Abstract
We investigate the evolution of the Halpha equivalent width, EW(Halpha), with
redshift and its dependence on stellar mass, taking advantage of the first data
from the 3D-HST survey, a large spectroscopic Treasury program with the Hubble
Space Telescope WFC3. Combining our Halpha measurements of 854 galaxies at
0.8<z<1.5 with those of ground based surveys at lower and higher redshift, we
can consistently determine the evolution of the EW(Halpha) distribution from
z=0 to z=2.2. We find that at all masses the characteristic EW(Halpha) is
decreasing towards the present epoch, and that at each redshift the EW(Halpha)
is lower for high-mass galaxies. We measure a slope of EW(Halpha) ~ (1+z)^(1.8)

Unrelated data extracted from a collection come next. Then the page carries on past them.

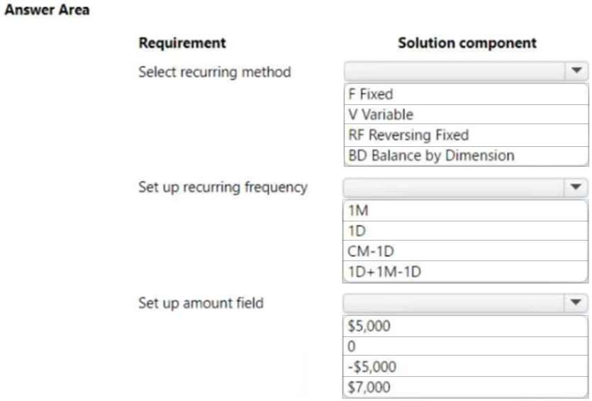 How should you configure recurring general journals? To answer, select the appropriate options in the answer area.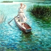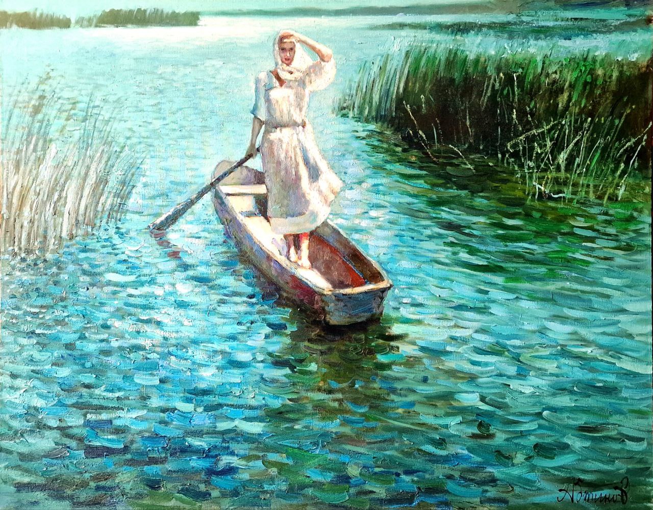 The painting "Jade Lake" immerses the viewer in a quiet, poetic atmosphere of enchanting nature. In the center of the composition is a woman in a light dress, standing in a boat gliding along the emerald waters of the lake. Her pose, with her hand raised to her eyes, conveys a sense of thoughtfulness and expectation, she looks into the distance, as if peering into the future or reflecting on something secret.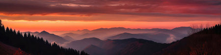 Autumn landscape with fog in the mountains. Fir forest on the hills. Carpathians, Ukraine, Europe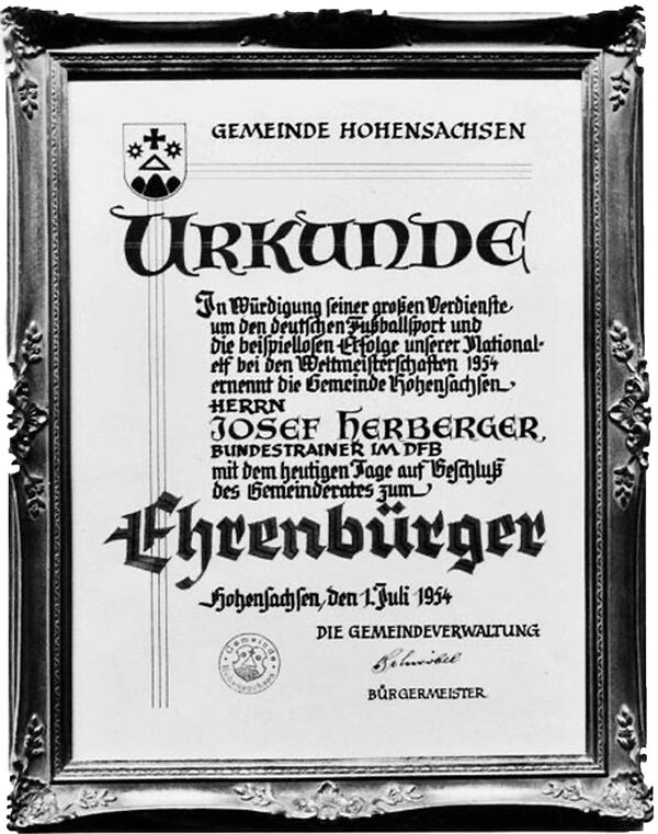Die Ehrenbürger-Urkunde überreichte Hohensachsens Bürgermeister Georg Schwöbel nach Herbergers triumphaler Heimkehr am 7. Juli 1954 im völlig überfüllten Saal des „Goldenen Ochsen” (heute griechisches Restaurant). Hier endete der Triumphzug, der am Nachmittag an der Ausfahrt Viernheim der alten Reichsautobahn (heute A 67) begonnen hatte, wo der Erfolgstrainer von seiner Frau Ev und Bürgermeister Schwöbel erwartet wurde. An der Ziegelhütte, dem damaligen westlichen Stadteingang (heute Karlsruher Straße), setzte sich eine Motorradstaffel der Weinheimer Stadtpolizei an die Spitze einer Wagenkolonne, die einer offener VW-Käfer mit Ev und Sepp Herberger und Bürgermeister Schwöbel anführte, gesteuert von Wilhelm Sebastian, in den 1930-er Jahren erfolgreicher Beifahrer von Rudolf Carraciola und Cheftechniker der Rennfahrer-Legenden Bernd Rosenmeyer und Tazio Nuvolari.

with little mass dependence. Qualitatively, this measurement is a
model-independent confirmation of the evolution of star forming galaxies with
redshift. A quantitative conversion of EW(Halpha) to sSFR is very model
dependent, because of differential reddening corrections between the continuum
SED and the Balmer lines. The observed EW(Halpha) can be reproduced with a
simple model in which the SFR for galaxies rises to the epoch of z~2.5 and then
decreases with time to z = 0. The model implies that the EW(Halpha) rises to
400 A at z=8. The sSFR evolves faster than EW(Halpha), as the mass-to-light
ratio also evolves with redshift. In this context, we find that the sSFR
evolves as (1+z)^(3.2), nearly independent of mass, consistent with previous
reddening insensitive estimates. We confirm previous results that the observed
slope of the sSFR-z relation is steeper than the one predicted by models, but
models and observations agree in finding little mass dependence.